Businesses, public agencies, and individuals increasingly rely on a wide range of computers, often linked together into networks, to accomplish their missions. Because computers have become ubiquitous, they are often a highly productive source of evidence and intelligence that may be obtained by properly trained and equipped InfoSec and investigative professionals. Equipping the specialists to be able to competently search IWC systems is essential. In many cases, a suspect will use a computer to plan the crime, keep diaries or records of acts in furtherance of a conspiracy, or communicate with confederates about details via electronic mail.

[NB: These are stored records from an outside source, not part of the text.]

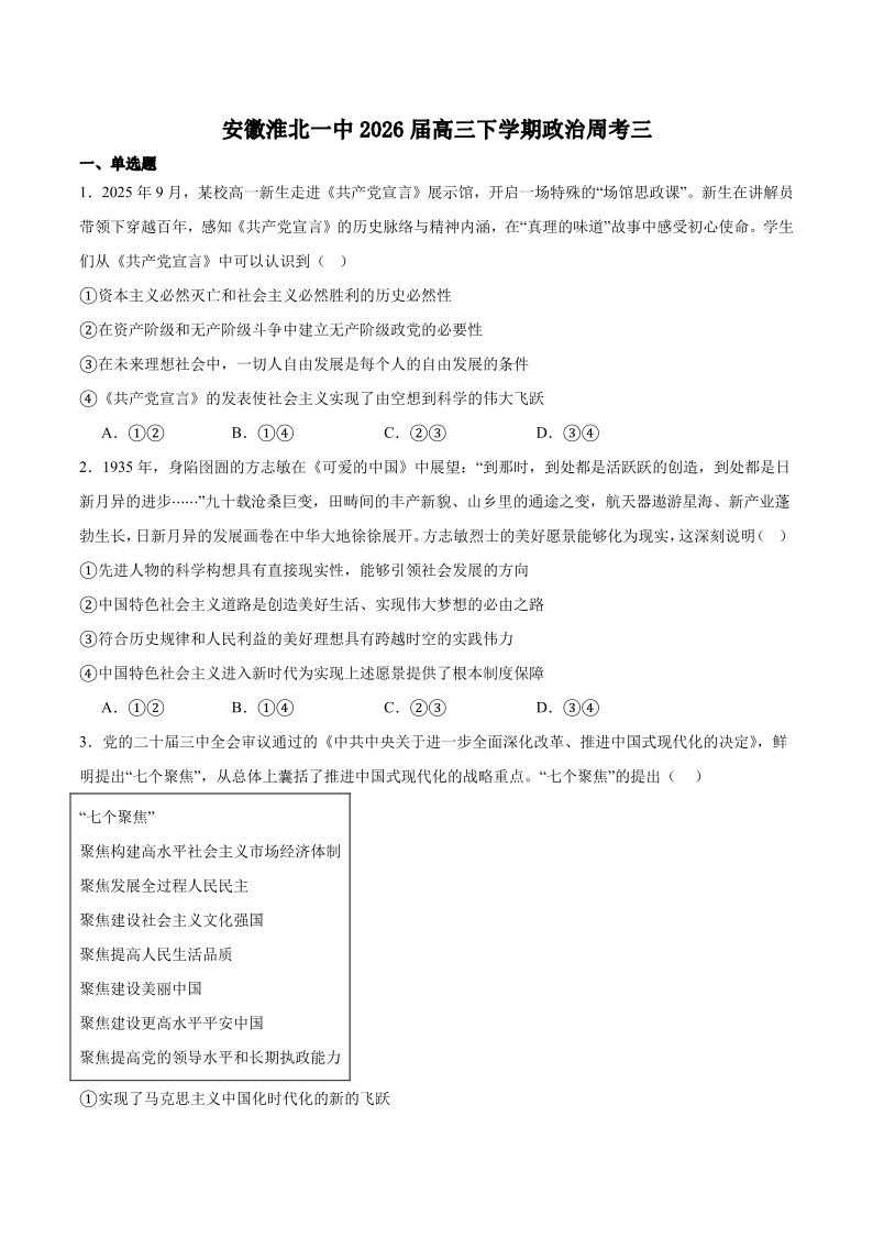 安徽省淮北市第一中学2026届高三下学期周考(三)政治试题(含答案).pdf
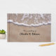 Stilvolles Strandthema Hochzeitsgast-Buch mit einem Foto von Wasser abwaschen auf einem Sandstrand. Personalisieren Sie die Textfelder für Ihren besonderen Tag. Die passenden Hochzeitsprodukte stehen zur Verfügung.
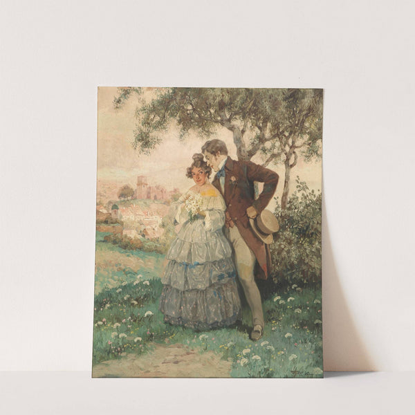 Kærestepar under træet. I baggrunden byen Dürnstein by Rudolf Alfred Höger - Wall Art Print

In other schemes the computer will play a more central role, perhaps serving as the vehicle for an unauthorized intrusion into a larger system from which valuable files or other information is downloaded or tampered.

Surprisingly, even many sophisticated criminals who are highly computer literate remain unaware of the many software utilities available that allow evidence to be scavenged from various storage media, including hard drives, random access memory, and other locations in the operating system environments such as file slack, swap, and temporary files. Therefore, every investigation of crimes and unauthorized activities should now assume that some effort will be invested in examining computers and computer records to locate relevant evidence that will prove or disprove allegations or suspicions of wrongdoing.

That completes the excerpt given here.